If “It’s Complicated” were simply another in a long line of middling romantic comedies, starring the likes of Dennis Quaid or Meg Ryan — talent equivalents of a Biggs, Van Der Beek, or Cera — we could have the luxury of ignoring it. Unfortunately it isn’t. Meryl Streep is perhaps the most acclaimed actor of her generation. Steve Martin was the funniest man on the planet for the better part of a decade.

Though I’m not personally a fan, the umpteen-million viewers of 30 Rock would probably agree that Alec Baldwin is no slouch himself (although some don’t trust a man with an immaculate record).

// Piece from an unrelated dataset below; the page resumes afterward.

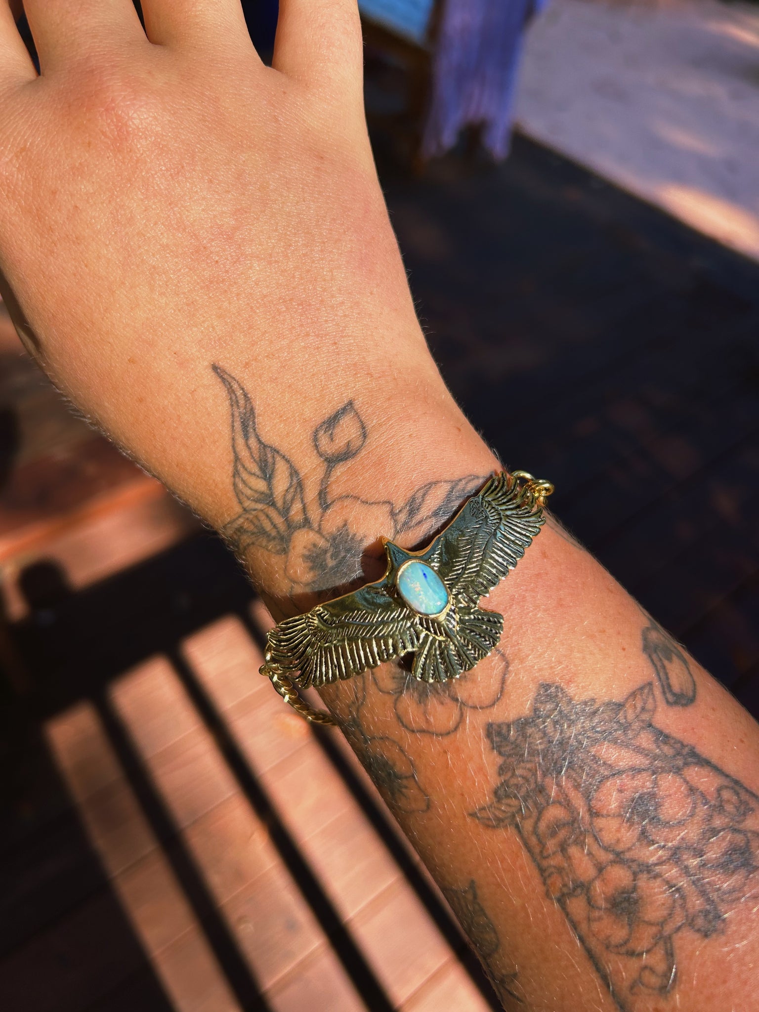 made with a juicy Australian Opal set on a talisman like hawk, finished with a goldfill Cuban Link Chain. Hawk + Opal set in high polish jewelers brass
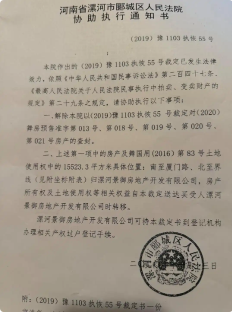 景御公司的一位投资人告诉红星新闻记者,2020年11月13日,郾城区法院向景御公司送达了上述拍卖成交确认书和(2019)豫1103执恢55号执行裁定书、协助执行通知书,确认上述标的物拍卖程序,并通知景御公司携带上述文书去相关部门办理过户登记。

Their very participation endows a degree of legitimacy that suggests this film is reflective of a greater cultural trend.

Should this be the case, let us encourage our elders to welcome the virtues of aging.

Meanwhile, as they are the generation responsible for the current economic calamity, which has left ‘ditch-digging’ atop my list of post-graduate employment opportunities, let us discourage them from meddling in our present, for they have already ruined our future.